Dec 01, 2004 11:03
Okay, so yesterday was a day of reckoning. And after several hours of moving through stages of despair, hurt, anger, hopelessness, and posting, what I am sure, with the influx of wonderful words of comfort from friends, was a very depressing livejournal entry, I am back among the living…as always, it seems, with an embarrassing insight into my ability to catastrophize something that really shouldn’t matter so much. After all, in all honesty, is it my dream to be the history editor of the University Press of Florida? Do I even want to stay in academic publishing? And do I want a reason to be tied to this barren town? No. All that has been crushed in this is my pride, and even that is recovering.
So, Jesus Christ, Lori, stop being so damn dramatic.
This is the opening of a door. The loosening of what could have been a trap.

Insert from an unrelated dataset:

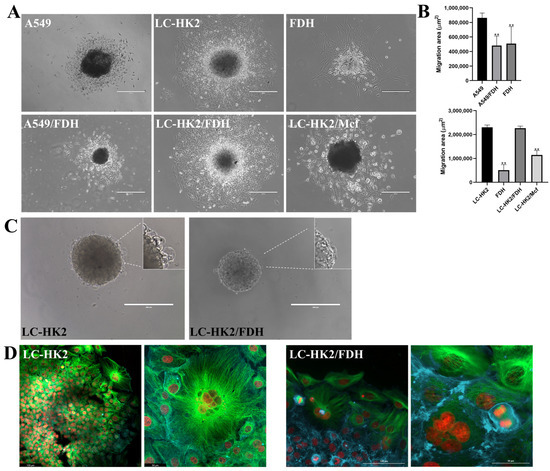 The spheroids were placed on an adherent surface for the cell migration. It was observed that the LC-HK2, A549, LC-HK2/FDH, A549/FDH, and LC-HK2/Mcf spheroids adhered in the first 24 h, but the FDH spheroids took much longer to adhere to the surface. After 72 h (Figure 9A,B), the measurement of the area occupied by migrating cells from the spheroids was performed. It was observed that the A549/FDH heterotypic spheroid area of migration was less than the area of A549 cells of homotypic spheroids, but that this area was similar to the area occupied by the cells of FDH spheroid.

Everything for my M.F.A. applications seem to be falling into place. This weekend I am taking a brief retreat to immerse myself in preparing the manuscript I will submit, and a writer I have worked with here has offered to read over it, again, and let me know if my revisions are going in the right direction. Sometimes I don’t know if I am making it better or worse. I have been so distracted lately. So, ergo, I have planned three incredible uninterrupted days of solitude to fully focus on it. I will either emerge with a completed 30-page submission, or chuck my laptop, drown all ambition, start wearing colors, get a perm, and put my full attention into being the best gosh-darned assistant ever…(okay, okay, I watched “The Stepford Wives” twice this week).
Colors? I shudder at the depravity. Now THAT'S just crazy.